12. Assertions for API and JSON data
You can assert on JSON structures directly:
const response = await page.request.get('https://jsonplaceholder.typicode.com/users/1');
const user = await response.json();
expect(user).toMatchObject({ id: 1, username: 'Bret' });
Tip: Use
toMatchObject()for partial structure validation, it’s more flexible than full equality.
13. Negative assertions
Playwright supports inverse conditions via .not.
Example:
await expect(page.locator('#error')).not.toBeVisible();
await expect(page.locator('#loading')).not.toHaveText('Loading...');
14. Best practices for assertions
- Use locator-based assertions instead of
page.evaluate()for reliability. - Avoid
waitForTimeout(), Playwright auto-waits for you. - Use specific matchers (
toHaveText,toBeVisible) over generic ones. - Prefer soft assertions when testing multiple independent UI parts.
- Group related assertions for better readability.
- Always assert after every major user action, not just at the end.
15. Debugging assertion failures
When an assertion fails, Playwright provides detailed error messages, including expected vs. actual values.
Use the following tools to debug further:
- Trace Viewer:
npx playwright show-trace trace.zip - Debug mode:
npx playwright test --debug - Screenshot on failure: Enable in config:
use: { screenshot: 'only-on-failure' }
Exercise
Task 1: Write a test that checks the page title and URL.

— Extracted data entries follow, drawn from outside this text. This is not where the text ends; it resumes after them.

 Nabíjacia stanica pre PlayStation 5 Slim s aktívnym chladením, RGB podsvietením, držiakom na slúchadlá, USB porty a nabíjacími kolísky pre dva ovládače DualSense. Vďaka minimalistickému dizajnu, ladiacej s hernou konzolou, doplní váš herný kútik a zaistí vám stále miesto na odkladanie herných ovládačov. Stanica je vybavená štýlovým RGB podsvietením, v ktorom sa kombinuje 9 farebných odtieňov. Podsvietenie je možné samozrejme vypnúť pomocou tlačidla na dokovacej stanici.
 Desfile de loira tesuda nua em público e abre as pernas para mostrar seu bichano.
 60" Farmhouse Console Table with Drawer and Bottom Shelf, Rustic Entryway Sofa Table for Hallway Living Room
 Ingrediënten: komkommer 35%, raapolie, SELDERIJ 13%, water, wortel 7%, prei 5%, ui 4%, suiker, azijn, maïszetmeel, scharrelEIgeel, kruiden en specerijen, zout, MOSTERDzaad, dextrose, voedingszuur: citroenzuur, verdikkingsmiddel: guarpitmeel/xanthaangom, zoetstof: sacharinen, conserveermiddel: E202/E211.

Task 2: Verify an element is visible and enabled before clicking.
Task 3: Assert that an API returns the expected JSON data.
Task 4: Use soft assertions to check multiple UI sections.

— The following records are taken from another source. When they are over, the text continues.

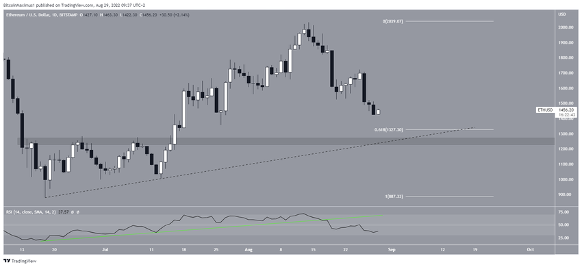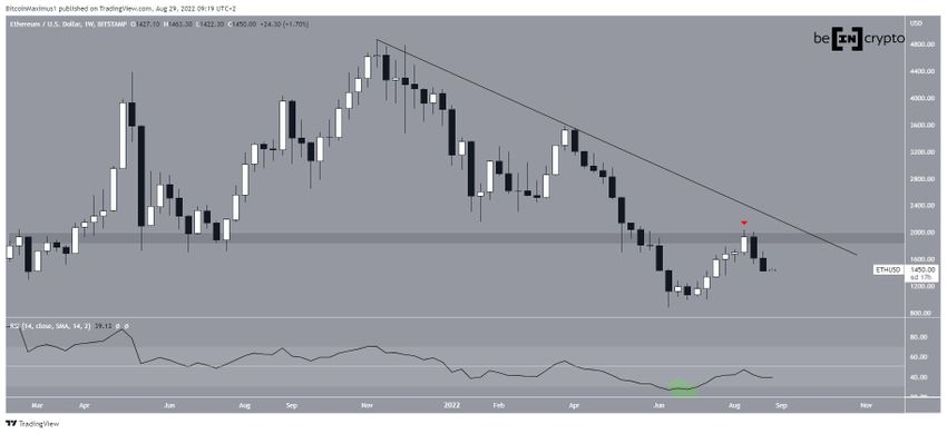 Sejak mencapai level tertinggi sepanjang masa (ATH) di harga US$4.868 pada bulan November 2021, Ethereum terus bergerak turun di bawah garis descending resistance. Sejauh ini, tren penurunan tersebut telah menghasilkan level terendah lokal ETH di titik US$880 yang terbentuk pada bulan Juni 2022. Level terendah baru sepanjang masa (ATL) pada indikator RSI mingguan tercapai pada saat yang sama dengan level terendah sebelumnya (lingkaran hijau).
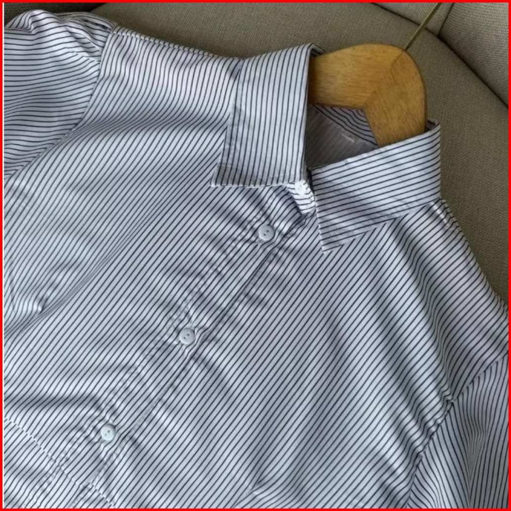 Kemeja Strip Rempel Fit Body Wanita Casual Daily Formal - Kemeja Stripe Rempel Korean Look Fitted
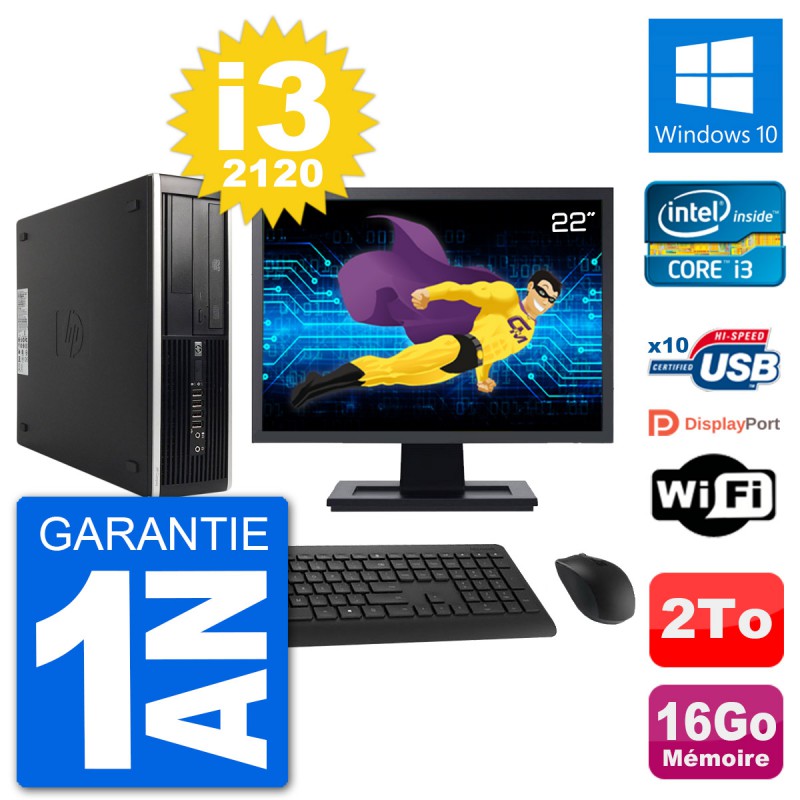PC HP 8300 Elite SFF Ecran 22" Intel i3-2120 RAM 16Go Disque 2To Windows 10 Wifi
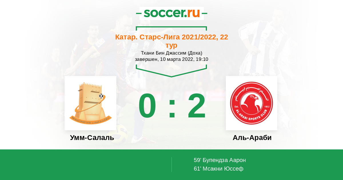 Катар. Старс Лига 11.04.2014 Умм-Салаль Логотип футбольный клуб Умм-Салаль 2:3 Логотип футбольный клуб Аль-Араби (Доха) Аль-Араби
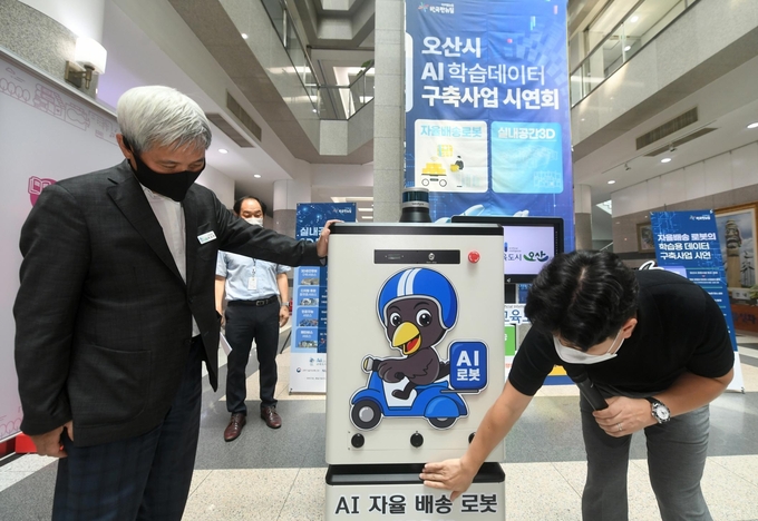 [더테크 뉴스] 오산시(시장 곽상욱)가 2021년도 인공지능 학습용 데이터 구축사업으로 추진 중인 로봇 자율배송 시범운행과 실내공간3D 제작 시연회를 12일 시청 로비에서 개최했다.
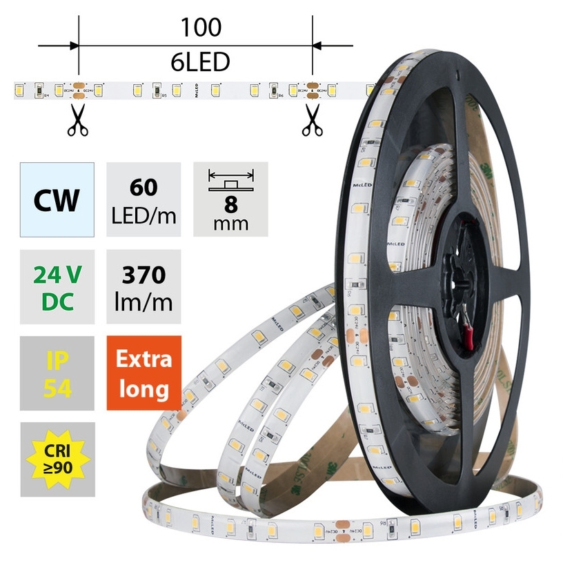 LED pásek McLED SMD2835 CW 60LED/m 4,8W/m DC 24V 370lm/m CRI90 IP54 8mm 5m ML-126.843.60.0

Bonus: Write a custom assertion that checks whether a value is even.
Cheat Sheet
| Type | Assertion | Example |
| Visibility | toBeVisible() | await expect(locator).toBeVisible() |
| Text | toHaveText() | await expect(locator).toHaveText('Done') |
| Attribute | toHaveAttribute() | await expect(locator).toHaveAttribute('type', 'email') |
| URL | toHaveURL() | await expect(page).toHaveURL(/dashboard/) |
| Title | toHaveTitle() | await expect(page).toHaveTitle(/Playwright/) |
| Count | toHaveCount(n) | await expect(locator).toHaveCount(3) |
| Value | toHaveValue() | await expect(locator).toHaveValue('test@example.com') |
| Negative | .not | await expect(locator).not.toBeVisible() |
| Soft | soft.expect() | Continue after failed assertions |
| Retry | toPass() | Retries assertion until it passes |
Summary
In this chapter, you learned how to:
- Use Playwright’s
expectAPI for reliable, auto-retrying assertions. - Validate visibility, text, attributes, and URLs.
- Work with soft assertions and retries.
- Assert API and JSON data.
- Create custom assertions for flexible validation.
Assertions turn your Playwright tests from mere interactions into powerful, trustworthy verifications. Mastering them ensures your tests provide real confidence that your app works correctly.